As parts of the nation experience a number of differing health-based restrictions to curb a recent wave of confirmed COVID cases, we are all being reminded to get vaccinated as soon as we can.
For some, this is too much to ask. For different and sometimes valid reasons people are hesitant about getting the AstraZeneca vaccine for example - which is now only recommended for people over 60 - while others are acting on false information they've read or seen.
These latest health measures are in place not only to protect the community but also those that cannot be vaccinated themselves or are vulnerable in different ways.
The Mudgee Guardian, in the NSW central west, spoke with people in its community who are vulnerable as well as a Sydney professor whose expertise is in health policy, public health, immunisation controversies, risk communication, vaccination rates and COVID-19.
Not a relaxed attitude
Cassie Jones' world changed six years ago after her son Charlie Rixon was diagnosed with cystic fibrosis.
It's a life-threatening respiratory condition that causes an abnormal amount of excessively thick and sticky mucus within the lungs, airways and digestive system.
While COVID-19 has ramped up again in Sydney, it might seem like Mudgee is protected in its distance from the major metro cities.
But Ms Jones can't afford to take such a relaxed attitude while her son is at risk.
"I think that unless you're a part of the chronic illness community, I don't actually think people realise how many people are actually at risk," she said.
"After the diagnosis, my eyes were opened to how many people are actually battling serious conditions and how many are at risk of things like viruses like this."
Nearly half of Australians had a chronic illness between 2018 and 2019, according to the ABS.

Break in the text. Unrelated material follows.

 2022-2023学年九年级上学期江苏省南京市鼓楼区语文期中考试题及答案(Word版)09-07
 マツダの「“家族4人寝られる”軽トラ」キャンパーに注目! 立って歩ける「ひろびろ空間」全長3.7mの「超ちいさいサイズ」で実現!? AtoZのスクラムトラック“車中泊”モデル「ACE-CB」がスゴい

While around five per cent of people suffer from an autoimmune disease, which include a broad range of more than 80 related disorders that vary from common to rare, according to the Australasian Society of Clinical Immunology and Allergy (ASCIA).
Ms Jones has been concerned that people have failed to consider their civic duty to the community when it comes to being vaccinated.

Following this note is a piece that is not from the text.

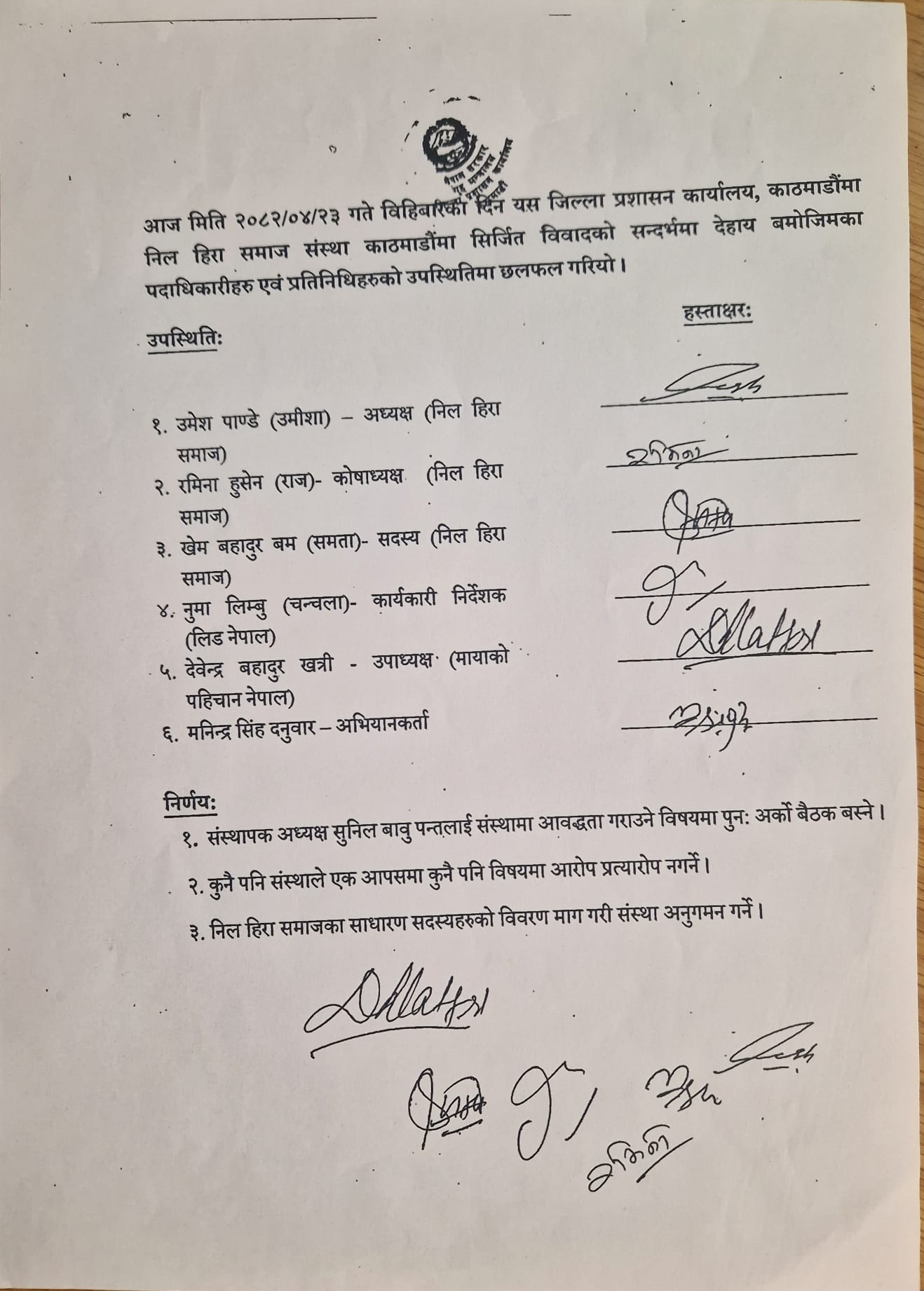 उजुरीपछि जिल्ला प्रशासन कार्यालयले २०८२ साउन २३ गते दुवै पक्षलाई बोलाएर छलफल गराएको थियो। संस्थापक अध्यक्ष सुनिल बाबु पन्तलाई पुनः संस्थामा आबद्ध गराउने विषयमा अर्को बैठक बस्ने, आरोप–प्रत्यारोप नगर्ने र साधारण सदस्यहरूको विवरण माग गरी संस्था अनुगमन गर्ने तीन बुँदे निर्णय भएको थियो।

"Those who are at risk of dying, or at risk of severe illness as a result of infectious diseases like COVID, I think they shouldn't have to risk their health just to preserve the general public's misguided feelings," she said.
"I think there's a greater issue about the protection of your community and those around you that I think people should be looking at."
A flawed perspective
University of Sydney public health Professor Julie Leask said the belief that unvaccinated individuals can't affect vaccinated people is flawed.
"If you have enough people saying, 'I don't need to be vaccinated because you're going to be protected,' then you'll have enough of a critical mass to just keep COVID surviving and endemically circulating in a community."
"Vaccines aren't perfect, so you can still get the disease, it's probably not going to be as severe, and that you can still get it and pass it on to others."
'It's really frustrating'
Sharyn Thompson has been battling pancreatic cancer and is desperately waiting to receive the Pfizer vaccine in Mudgee.
"I put a post up on the Mudgee Guardian, asking when Pfizer was going to come over this way. And just people actually laughed at it, it's really frustrating," she said.
"AstraZeneca was only providing a 60 per cent effectiveness rate, and with me being as sick as I am, I really want to have as much protection as possible."
"[It's the] same with my husband, I want him to have as much protection as possible. I want to get our son vaccinated as well, because he's immunocompromised. And that's why until he can get vaccinated, we have to hope that as many people will get vaccinated as possible."
Professor Leask said it was important to keep in mind that vaccine hesitancy was a nuanced issue, and that people who are conflicted about different vaccines are not the same as those who actively refuse all vaccines.
"There's a real risk that is causing genuine concern among people about vaccine safety," she said.
"Some people are only AstraZeneca hesitant. They're not Pfizer hesitant. Some people are Pfizer hesitant, it's a smaller group, but they exist."